> _Goal of the exercise_: From the listing below, work out the number of lines containing "bude" and give that number without comment.

> _Data section_:

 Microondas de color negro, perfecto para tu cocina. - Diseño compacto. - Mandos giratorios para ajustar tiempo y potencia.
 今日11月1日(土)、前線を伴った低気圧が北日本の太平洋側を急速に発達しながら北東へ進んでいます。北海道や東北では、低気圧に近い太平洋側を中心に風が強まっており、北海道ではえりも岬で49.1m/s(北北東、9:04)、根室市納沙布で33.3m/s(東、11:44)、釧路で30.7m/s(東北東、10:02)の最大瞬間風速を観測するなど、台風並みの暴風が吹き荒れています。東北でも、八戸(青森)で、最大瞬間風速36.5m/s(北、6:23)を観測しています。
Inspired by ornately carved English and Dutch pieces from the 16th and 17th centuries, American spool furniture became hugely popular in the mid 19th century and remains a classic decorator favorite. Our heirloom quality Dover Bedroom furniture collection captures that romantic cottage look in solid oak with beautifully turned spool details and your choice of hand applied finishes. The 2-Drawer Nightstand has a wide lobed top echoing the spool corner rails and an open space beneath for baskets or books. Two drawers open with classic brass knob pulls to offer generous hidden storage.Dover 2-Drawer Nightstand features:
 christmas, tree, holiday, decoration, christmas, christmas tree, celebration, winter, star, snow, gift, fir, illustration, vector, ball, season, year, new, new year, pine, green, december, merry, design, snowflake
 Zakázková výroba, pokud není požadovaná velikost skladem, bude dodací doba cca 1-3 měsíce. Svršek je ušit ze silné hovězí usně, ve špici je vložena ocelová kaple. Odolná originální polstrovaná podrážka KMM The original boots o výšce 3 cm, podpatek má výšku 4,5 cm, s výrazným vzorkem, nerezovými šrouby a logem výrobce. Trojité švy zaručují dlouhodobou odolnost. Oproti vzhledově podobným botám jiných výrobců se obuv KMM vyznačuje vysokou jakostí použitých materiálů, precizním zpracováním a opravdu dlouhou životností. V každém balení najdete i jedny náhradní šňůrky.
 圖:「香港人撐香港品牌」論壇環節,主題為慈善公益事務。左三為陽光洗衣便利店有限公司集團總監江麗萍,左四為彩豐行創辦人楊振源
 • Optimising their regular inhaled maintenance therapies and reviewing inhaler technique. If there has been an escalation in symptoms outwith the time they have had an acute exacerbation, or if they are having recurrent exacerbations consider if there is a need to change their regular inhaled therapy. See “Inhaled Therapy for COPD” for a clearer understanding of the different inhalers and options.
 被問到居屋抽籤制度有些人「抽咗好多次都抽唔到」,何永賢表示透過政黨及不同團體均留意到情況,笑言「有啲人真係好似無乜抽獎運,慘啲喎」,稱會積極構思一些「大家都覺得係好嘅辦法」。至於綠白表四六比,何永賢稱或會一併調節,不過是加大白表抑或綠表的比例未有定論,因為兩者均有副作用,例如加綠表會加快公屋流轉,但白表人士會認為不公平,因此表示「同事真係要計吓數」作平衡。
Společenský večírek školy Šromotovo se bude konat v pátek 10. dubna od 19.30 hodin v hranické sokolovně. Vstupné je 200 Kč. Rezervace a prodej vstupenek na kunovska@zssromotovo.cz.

> _Response to this task_: 2